▶ _Instructions for the task_
Print the data that follows word for word, leaving out any picture.

▶ _Given material_

****************

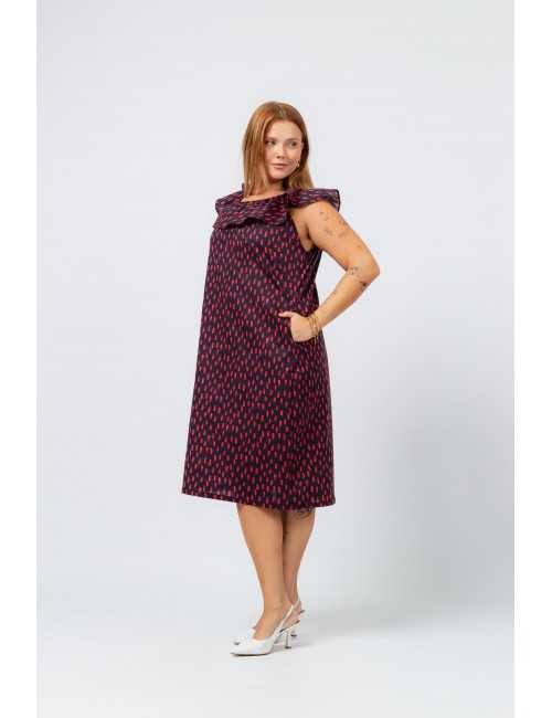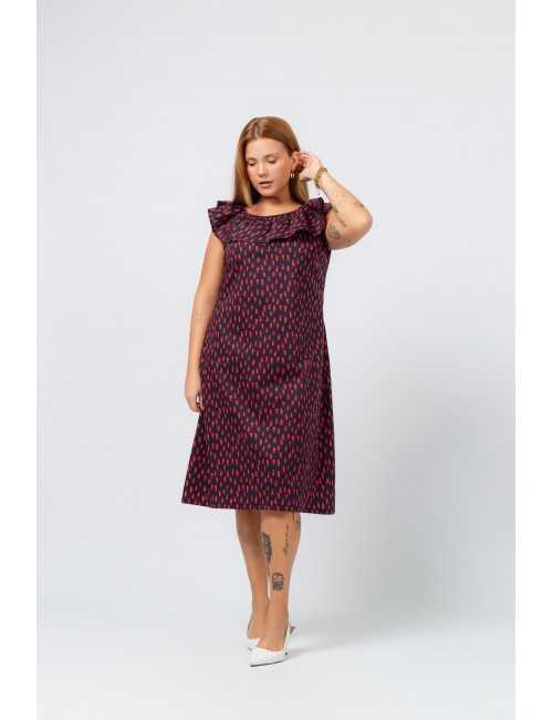 Dress in printed fabric, cap sleeve, frill around the neckline and side pockets. Slightly fitted straight cut. Collection: Spring Summer Model: Height 1.70m and is wearing size XL
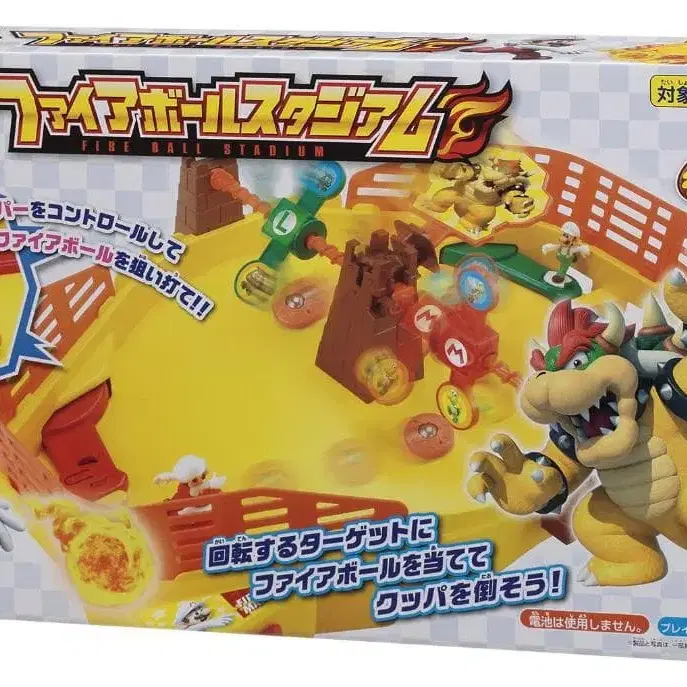 조립이 필요 없습니다: 속도감 있는 대전형 슈팅 액션 게임입니다. 플리퍼로 파이어볼 디스크를 튕겨 빨간색과 그린색의 회전 타겟을 노립니다. 타겟은 파이어볼이 맞으면 회전하면서 중앙에 있는 쿠파 쪽으로 이동합니다. 상대보다 먼저 쿠파 타워까지 타겟을 이동시켜 쿠파를 쓰러뜨린 쪽이 승리합니다. 인형은 링크 시스템 대응으로 별도 판매 상품의 인형과 교환하여 플레이할 수도 있습니다. (C)Nintendo 성별 - 남녀 공용
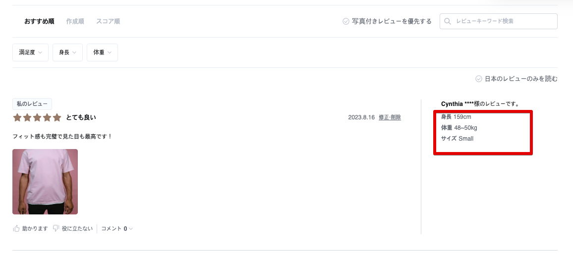 例えば、年齢、身長、肌質など、同じ特徴や目的を持つ顧客のレビューに注目できるため、より関連性の高い情報を得ることができます。

****************

▶ _Exercise answer_
 Dress in printed fabric, cap sleeve, frill around the neckline and side pockets. Slightly fitted straight cut. Collection: Spring Summer Model: Height 1.70m and is wearing size XL
 조립이 필요 없습니다: 속도감 있는 대전형 슈팅 액션 게임입니다. 플리퍼로 파이어볼 디스크를 튕겨 빨간색과 그린색의 회전 타겟을 노립니다. 타겟은 파이어볼이 맞으면 회전하면서 중앙에 있는 쿠파 쪽으로 이동합니다. 상대보다 먼저 쿠파 타워까지 타겟을 이동시켜 쿠파를 쓰러뜨린 쪽이 승리합니다. 인형은 링크 시스템 대응으로 별도 판매 상품의 인형과 교환하여 플레이할 수도 있습니다. (C)Nintendo 성별 - 남녀 공용
 例えば、年齢、身長、肌質など、同じ特徴や目的を持つ顧客のレビューに注目できるため、より関連性の高い情報を得ることができます。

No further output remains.